2020 Riesling Walkenberg Spätlese Trocken ~$32
As much as I love Kabinett Trockens – and you know I do – I’m loath to say that the Spätlese Trocken are probably the heart of the vintage. The younger-vine bottling (this one) is explosive, fruity, airy, aromatic, all-encompassing – it sorta grabs you and shakes you around a little with citrus, layers of stone fruit and a gravelly, precious minerality. When I wrote above that the vintage was “bouncy,” this was the wine I was thinking about. So much to love in this wine.
2020 Riesling Walkenberg Spätlese Trocken “Alte Reben” ~$37
As with 2019, again the Spätlese “Alte Reben” is where the magic is – this is the best wine of the collection. For as gregarious and outward-looking as the normalé is, the old-vine bottling is exactly the opposite: stern, strict, defined, inward and incisive. There is more density, as you’d expect, but it doesn’t feel heavier (or even wider or hotter or bigger) – it just feels deeper. Superb structure, that saline-rocky-gravelly Becker acidity. Truly magical wine – showcasing just how damn classic (meaning good), classic (meaning classic) can be.

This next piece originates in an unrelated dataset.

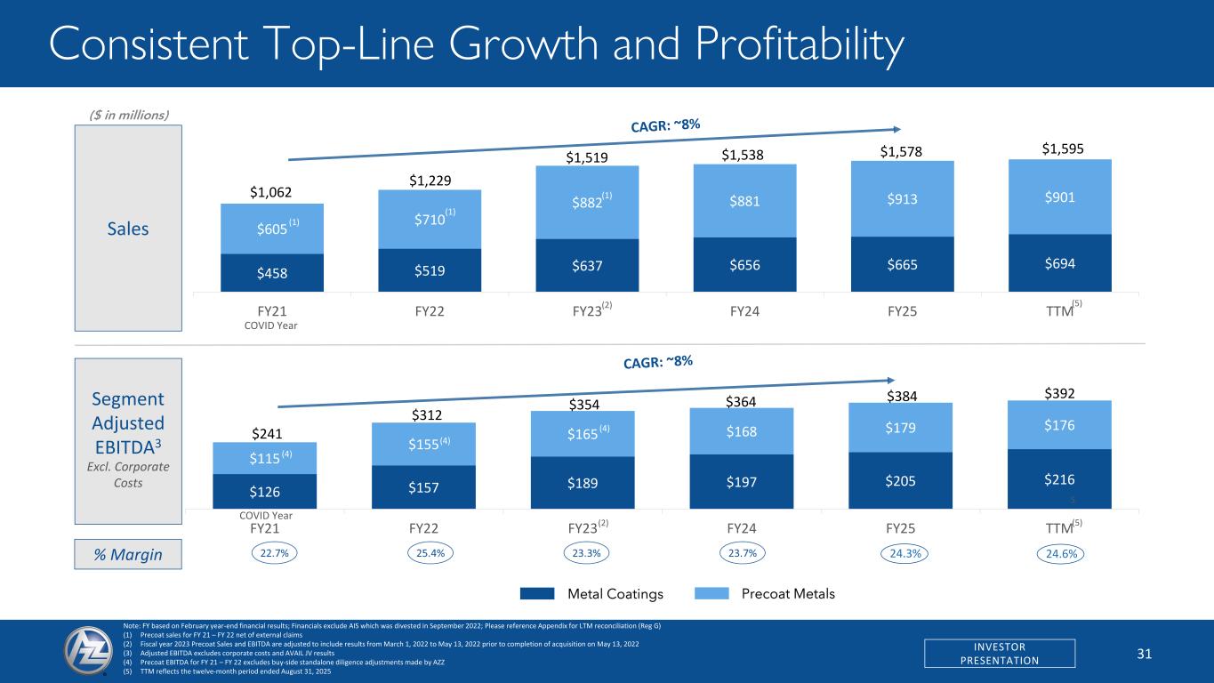 24INVESTOR PRESENTATION Operating Segment Production Route Value-Added Capabilities Market Size and Share(2) Historical Adjusted EBITDA Performance(3) ($ in millions) Precoat Metals Continuous Processing Coil Coating Slitting Embossing Shape Correction Blanking $4.4B ~23% share #1 market position $115 $155 $165 $168 $179 $176 EBITDA FY2021 FY2022 FY2023 FY2024 FY2025 TTM Production Input Steel & Aluminum Coil Sales $900.6 million(1) (1) Sales based on AZZ trailing twelve-month period ended August 31, 2025 (2) Management estimates based on data from the National Coat Coaters Association as of August 31, 2022 (3) For a reconciliation to the most directly comparable GAAP measure, see the appendix to this presentation; Precoat EBITDA FY2020-FY2022 prior to acquisition; Fiscal year 2023 Precoat EBITDA adjusted to include results from March 1, 2022 to May 13, 2022 prior to completion of acquisition on May 13, 2022; TTM for the period ended August 31, 2025 Precoat Metals – Summary

2020 Riesling Berg Bildstock Kabinett ~$30
While HaJo is more of a dry wine specialist, he will make some Prädikat wines – never too much – and they are icons of an age gone by… while they are not nervy like Mosel wines are nervy, they definitely have more energy and zing to them than nearly any other Rheingau Prädikat wines I’ve had. I didn’t taste the 2020 Kabinett when I was there, or I tasted it but didn’t take notes? I remember them saying they had an off-dry they hadn’t bottled… but in any event, they have a Kabinett too. It’s cheap and it’s rare – that’s about all I can write.